Everything in the records below from the line containing "- Loja: conta" through the line containing "家庭科の調理実習をしました。今回は、「ゆで野菜サラダ」を作りました。" is to be reproduced exactly, those two lines included; no picture is to be copied.

• PROVIDED DATA
▼▼▼

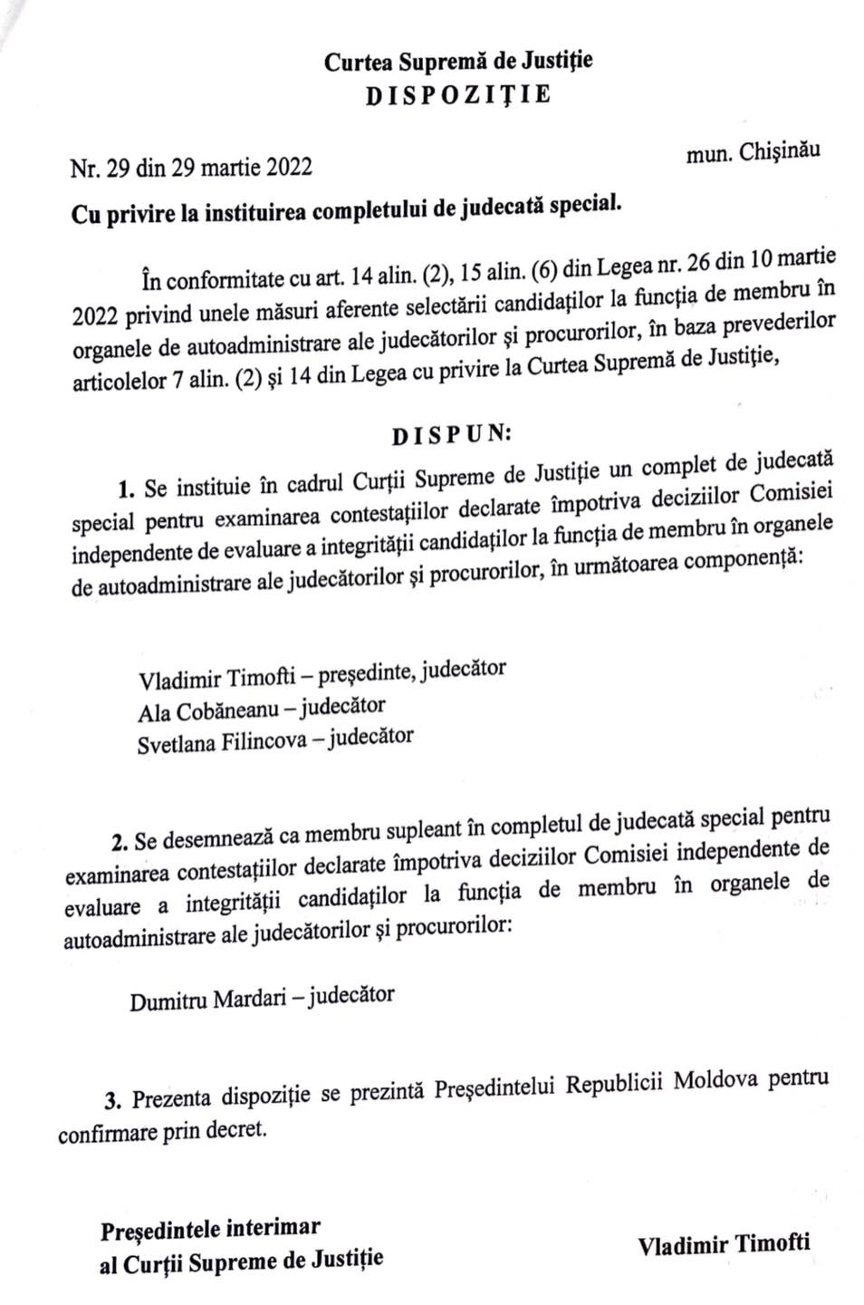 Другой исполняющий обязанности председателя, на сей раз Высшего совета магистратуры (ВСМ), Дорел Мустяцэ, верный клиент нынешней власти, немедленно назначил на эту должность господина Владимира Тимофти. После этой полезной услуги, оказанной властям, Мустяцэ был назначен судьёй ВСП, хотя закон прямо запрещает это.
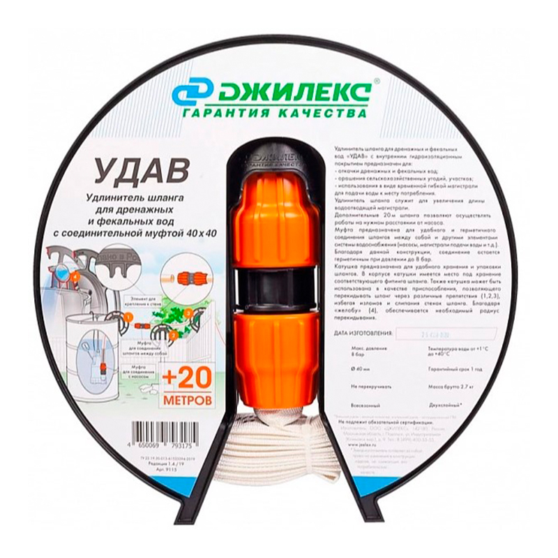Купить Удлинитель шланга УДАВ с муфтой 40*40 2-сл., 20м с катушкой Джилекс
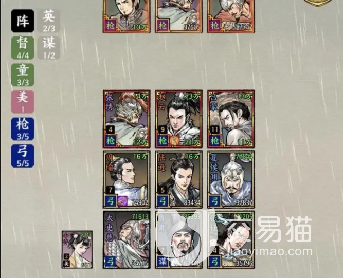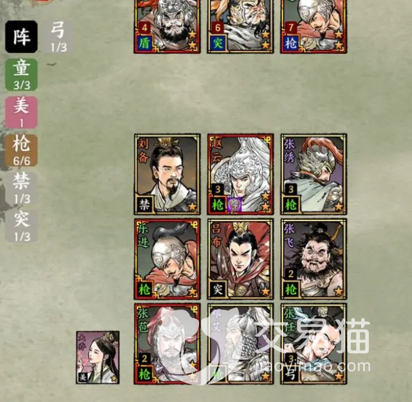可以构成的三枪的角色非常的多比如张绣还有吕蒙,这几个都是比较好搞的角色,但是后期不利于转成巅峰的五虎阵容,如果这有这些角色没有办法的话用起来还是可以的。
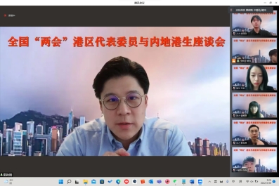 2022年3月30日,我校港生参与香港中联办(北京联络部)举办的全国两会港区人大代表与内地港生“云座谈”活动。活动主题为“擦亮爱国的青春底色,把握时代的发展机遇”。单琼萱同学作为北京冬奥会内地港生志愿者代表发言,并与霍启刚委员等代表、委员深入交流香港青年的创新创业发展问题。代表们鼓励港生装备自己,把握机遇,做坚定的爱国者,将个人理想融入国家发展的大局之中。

▲▲▲
▼▼▼

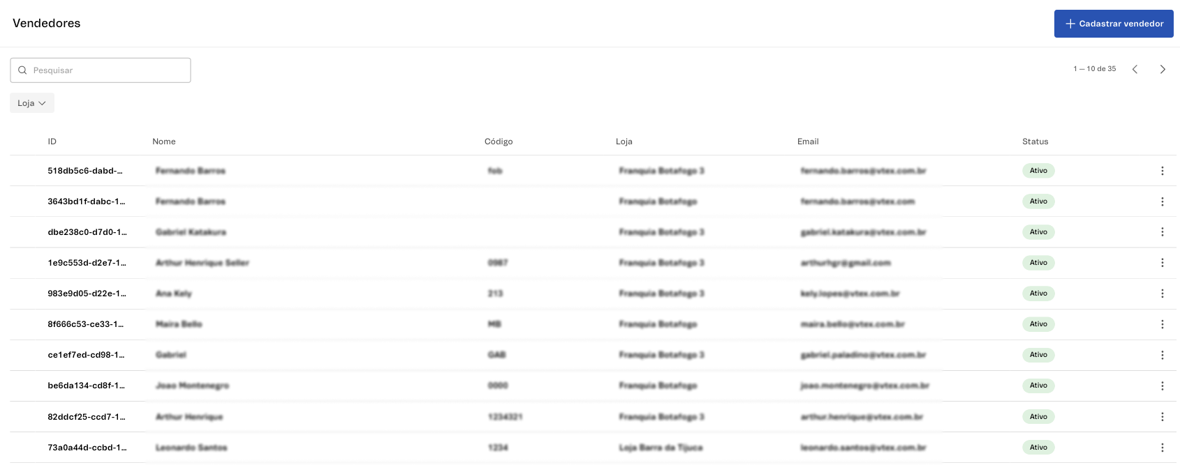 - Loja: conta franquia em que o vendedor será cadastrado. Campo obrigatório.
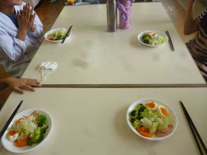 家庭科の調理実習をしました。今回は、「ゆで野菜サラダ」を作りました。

▲▲▲

• EXERCISE RESULT
 - Loja: conta franquia em que o vendedor será cadastrado. Campo obrigatório.
 家庭科の調理実習をしました。今回は、「ゆで野菜サラダ」を作りました。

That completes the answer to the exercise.